Software buyers suddenly have more clout at the bargaining table. But that doesn’t mean B2B software suppliers have to give up profit. Here are six strategies for keeping your prices stable.
When IT spending turns pessimistic, any software purchase must align with short-term business drivers, the first of which is to manage costs and preserve capital.
Expect companies to cancel IT projects that won’t provide tangible cost savings or revenue in the next half, and freeze the buying process for longer-term projects.
Where’s the silver lining?
CIOs look to save money in ways other than just killing projects. They look hard at old software’s high maintenance costs and weak security, with an eye to replacing it.
And every IT team is cloud first, ever since they had to scramble to enable thousands of employees to work from home on short notice. Demand for some technologies has soared.
That won’t stop buyers from using the current crisis as an excuse to ask for lower prices.
How should software vendors manage pricing strategies, as a recession looms?
1. Target your market segments that are less price sensitive.
Review your segmentation and de-prioritize those where you already were competing on price. Penny-pinchers will be the first to stop spending, and the last to restart. Also, as part of marketing’s response to the economic crisis, consider how your segments are being hit. Don’t bank on travel and leisure, energy, or consumer goods companies to spring back into spending this year.
2. Connect your value to your buyer’s current pain.
Consider the current market context and lead with the highest value in your product for each target segment. Which customers value which features? Be sure your revised messaging makes that value clear in every marketing effort.
3. Don’t lower prices for your existing products.
Do anything but discounting today’s offerings. Software product management consultant Linda Merrick suggests alternatives, like: Downsize a new offer and price it accordingly. Offer a less-featured package, or flexible seat licenses. Simplify purchasing. Anything but signal a lower value for your flagship. Later, when lost prospects return to the table, they’ll remember that lower price. Demand is not price-elastic in a downturn. If you’ve done steps 1 and 2 above, then pricing concessions are not the way to drive sales.

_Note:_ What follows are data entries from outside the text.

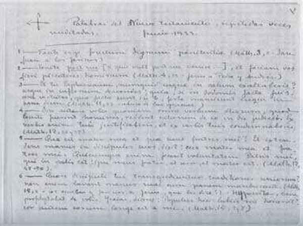 In der ersten Nummer von Studia et Documenta – der Jahresschrift des Dokumentationszentrums Heiliger Josefmaria Escrivá – ist ein Artikel von Francisco Varo erschienen über acht vom heiligen Josefmaria handgeschriebene Blätter im Format DIN A 6, die mit der Überschrift beginnen "Häufig betrachtete Worte aus dem Neuen Testament – 1933".
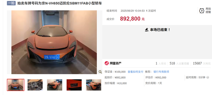 6月29日,阿里资产司法拍卖平台公示信息显示,一辆京牌二手迈凯伦650SSpider豪华跑车以89.28万元的起拍价成交,全程无竞价加价环节。据拍卖公告,该车评估价为99.2万元,出厂于2014年,表显里程仅5600公里,拍卖时车辆处于查封扣押状态。尽管拍卖页面吸引1.4万人次围观,但仅1人报名参与竞拍。
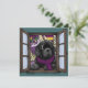 Cartão De Festividades Cachorro pela janela com neve
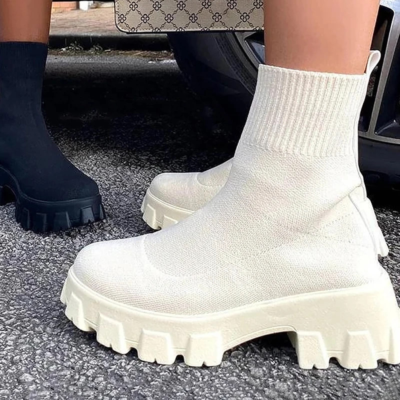 Женские ботинки-носки на платформе, Осенняя обувь, женская обувь на высоком каблуке, привлекательные Повседневные вязаные ботинки, короткие носки, обувь, Botas Mujer
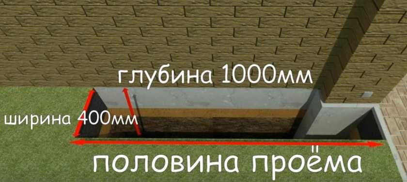 глубина – 1-1,5 м в зависимости от типа грунта на стройплощадке;
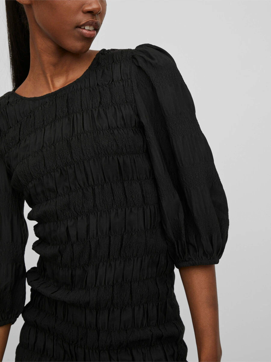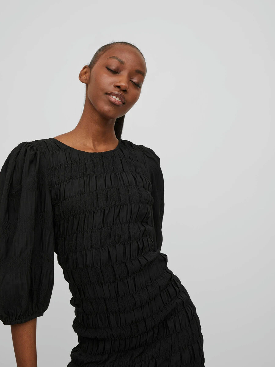 – Gesmokte jurk met 3/4-mouwen
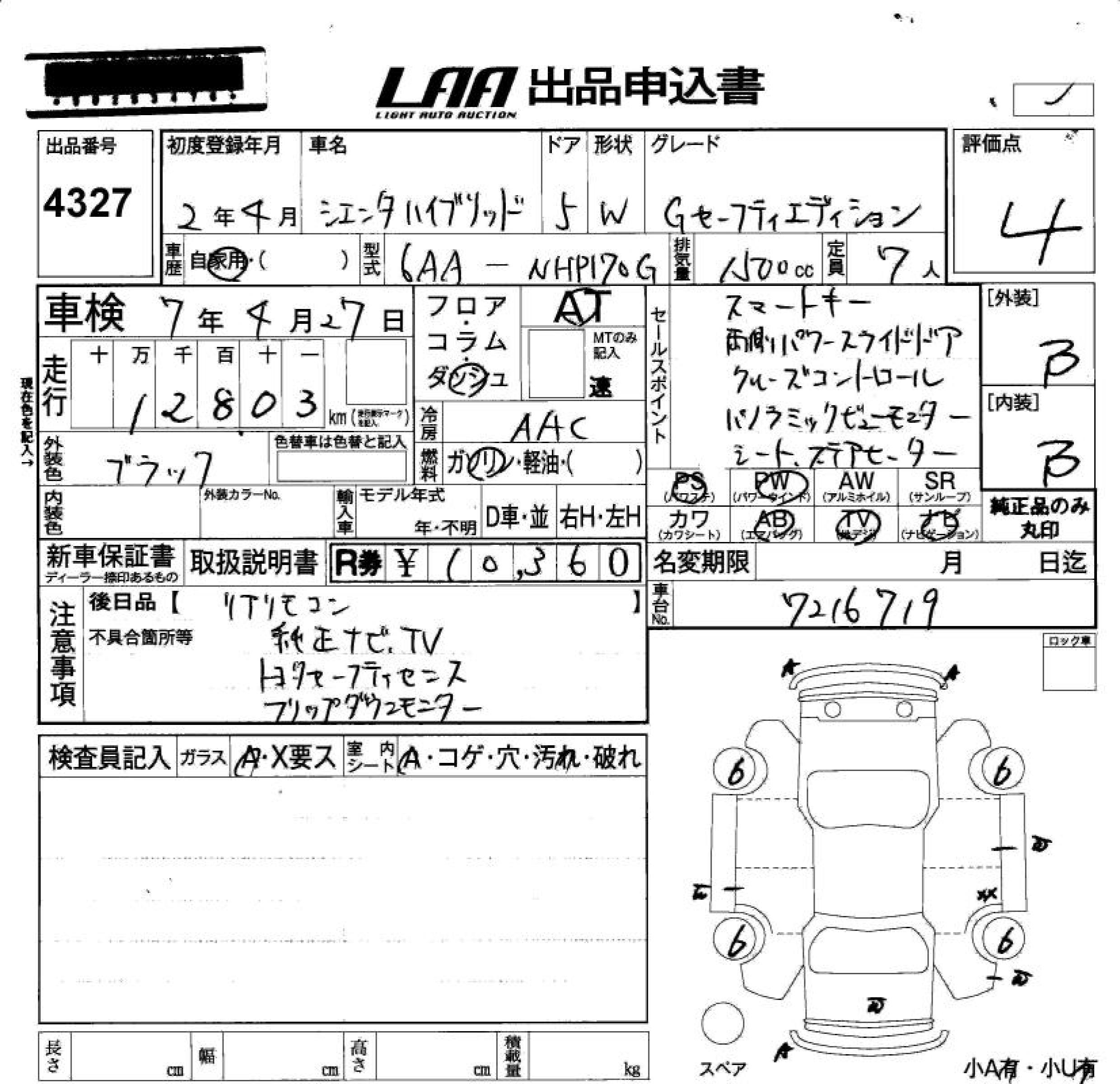 TOYOTA SIENTA - лот 4327
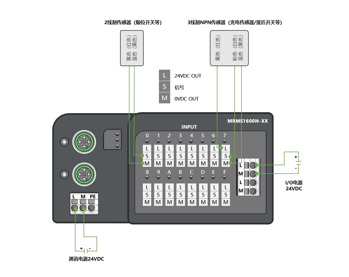 面板式快接線分布式I/O,EtherCAT通訊,2xM12,可級聯(lián);數(shù)字量16入 NPN,24VDC,歐式彈簧端子;導(dǎo)軌安裝&打孔安裝(下單時需備注)
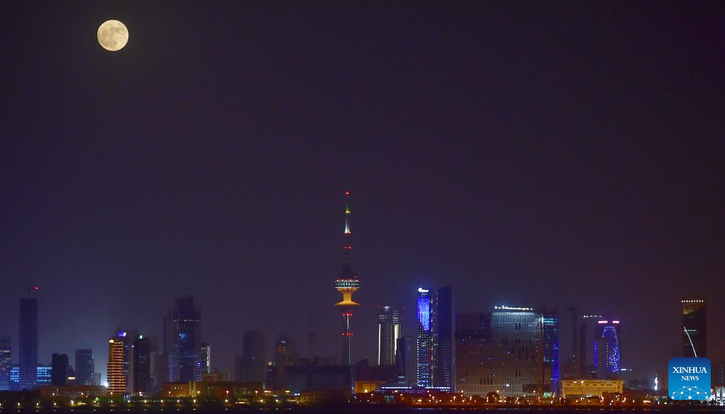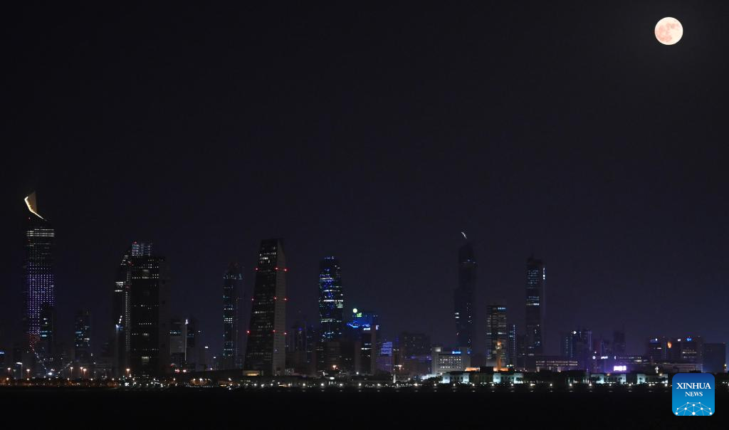 Photo taken on July 13, 2022 shows a supermoon over Kuwait City, Kuwait. (Xinhua/Yin Ke)

4. Delight existing customers.
Your best bet for revenue in the first 12 months will be from your existing customers. Think hard about new use cases that your customers may be facing now, and how your product uniquely solves them. Ensure your customers are receiving and perceiving the value they’ve paid for. Publish case studies, tip sheets, configuration guides and helpful videos – all about how to get the most from your product or service.
5. Educate your sales reps.
Reassure your sales teams and channel partners that you have a pricing strategy for the current economic reality. Educate them on how to present the value that you identify. Train them on newly packaged offers and how to sell them.
6. Engage experts.
This is a time for Product Marketing and Product Management to work together to sustain your price points. Don’t hesitate to augment your in-house team’s knowledge.
It’s critically important that you get this right. In times like these, you can never have too much expertise at the table.
Before your sales team starts discounting, grab the pricing reins. Connect your product’s value to the pain of your highest priority market segments. Communicate relevant value to prospects and customers. Train reps to use these new tools to hold the line on pricing.
Economic recession is no joke. But the software industry has survived longer ones.